First Lady of Nevada
- Current
- Assumed role January 2, 2023
- Governor: Joe Lombardo
- Preceded by: Kathy Sisolak

Personal details
- Party: Republican
- Spouse: Joe Lombardo ​(m. 2015)​
- Children: 3
- Education: University of Nevada, Las Vegas (BS)

= Donna Lombardo =

First Lady of Nevada since 2023

Donna Lombardo is an American businesswoman who has served as the first lady of Nevada since 2023 as the wife of Governor Joe Lombardo.

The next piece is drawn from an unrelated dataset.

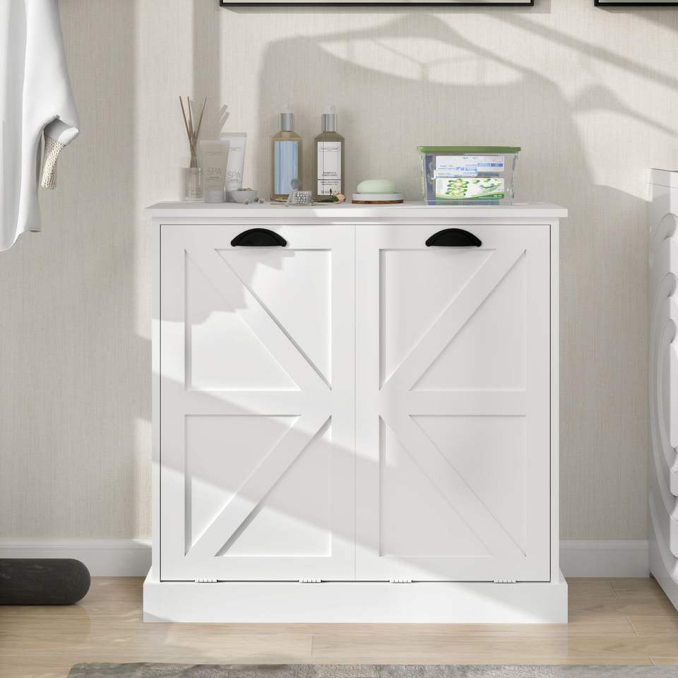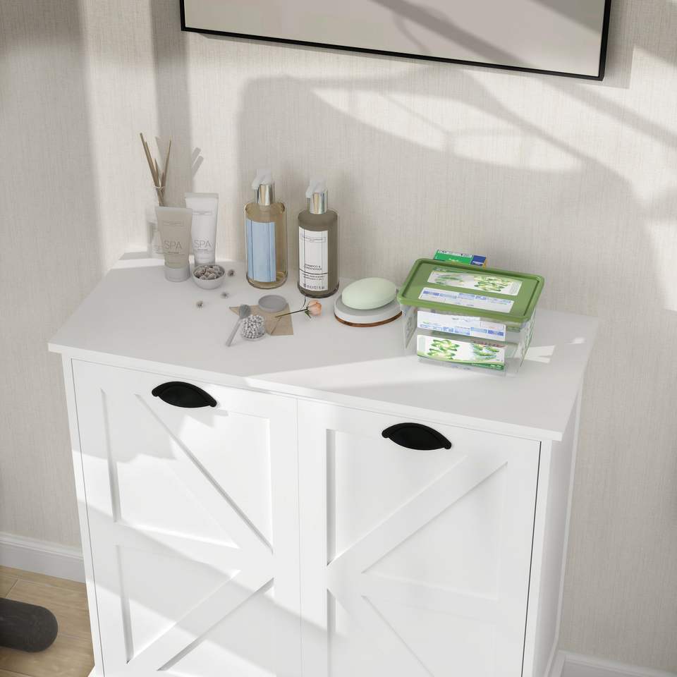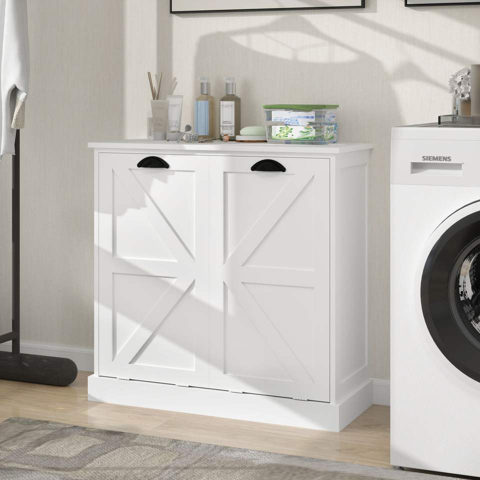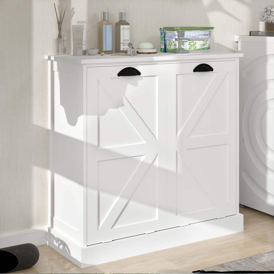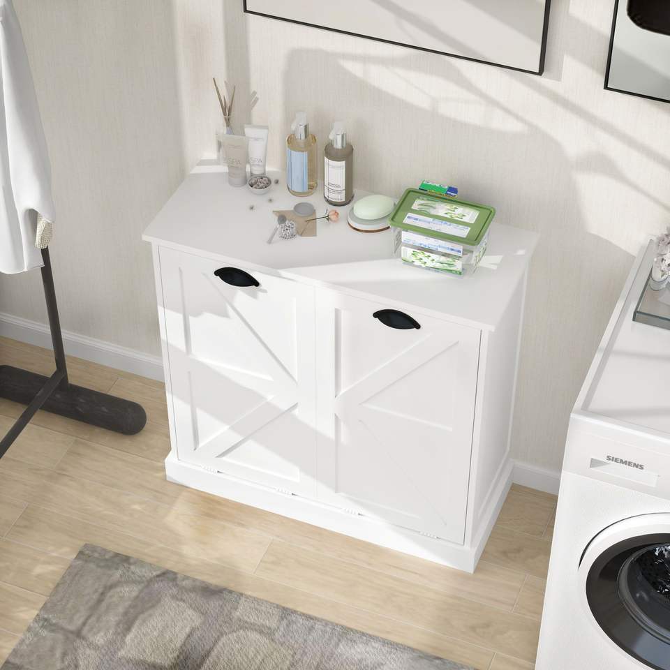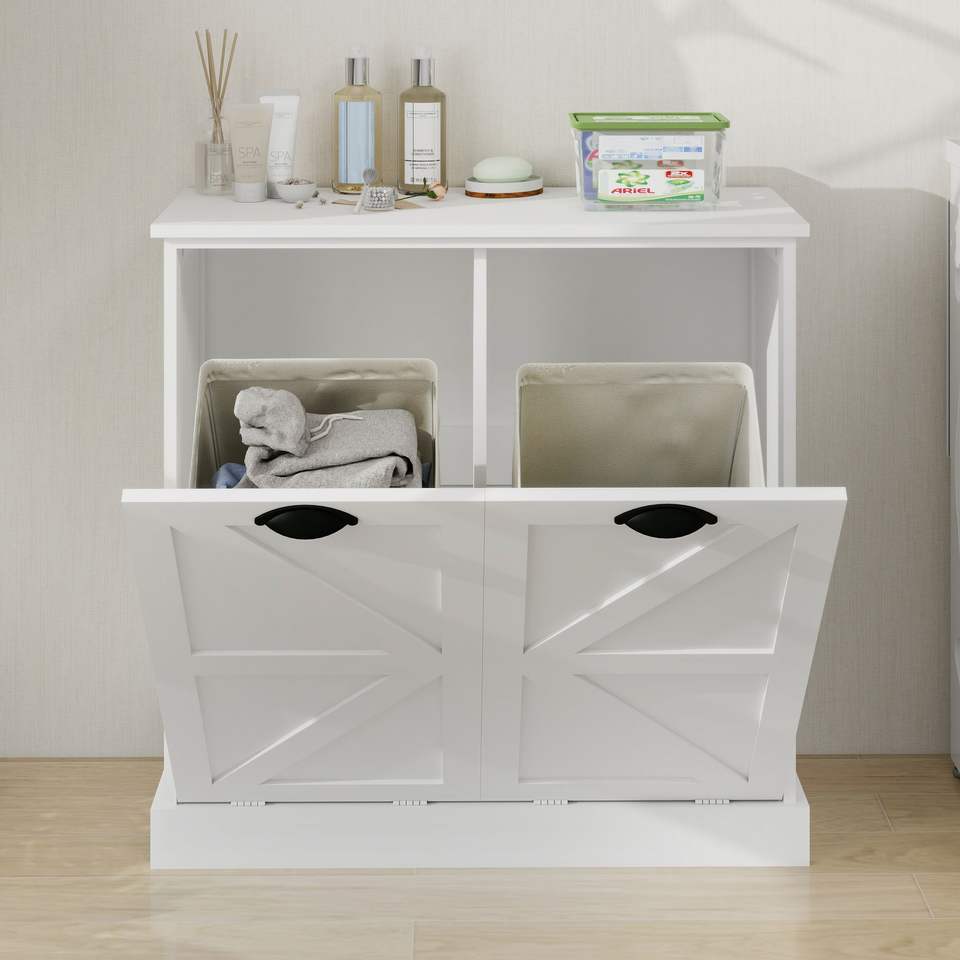 Cesto de Ropa Sucia con Dos Compartimentos, Inclinable, Blanco, con Cestas de Clasificación Premium

== Early life and education ==
Lombardo moved to Nevada when she was in second grade. She graduated from Valley High School in Las Vegas and later earned a Bachelor of Science degree in marketing from the University of Nevada, Las Vegas in 1987.

== Career ==
Lombardo began her career in real estate in the mid-1980s and worked for CBRE, a commercial real estate brokerage, where she completed more than 1,400 transactions valued at over $2.4 billion, including the sale of 1,800 acres of land and more than 48 million square feet of building transactions. She has spent more than three decades in the industry and currently specializes in industrial sales and leasing. Lombardo serves as the executive managing director at Cushman & Wakefield in Las Vegas.

== First lady of Nevada (2023–present) ==
Lombardo became first lady of Nevada on January 2, 2023, when her husband, Joe Lombardo, was sworn in as governor.

As first lady, she has focused on mental health advocacy, education, and support for small businesses. In June 2024, Lombardo and her daughter Lacey hosted a charity luncheon at the Nevada Governor's Mansion to connect non-profits and organizations across the state. In her first televised interview as first lady, Lombardo described herself as a “private person” who prefers to focus on meaningful community work rather than public attention. She has stated that her passion for mental health stems from personal connections to loved ones who have faced mental illness.

== Personal life ==
Lombardo and her husband Joe married in 2015. They have three children and a grandson.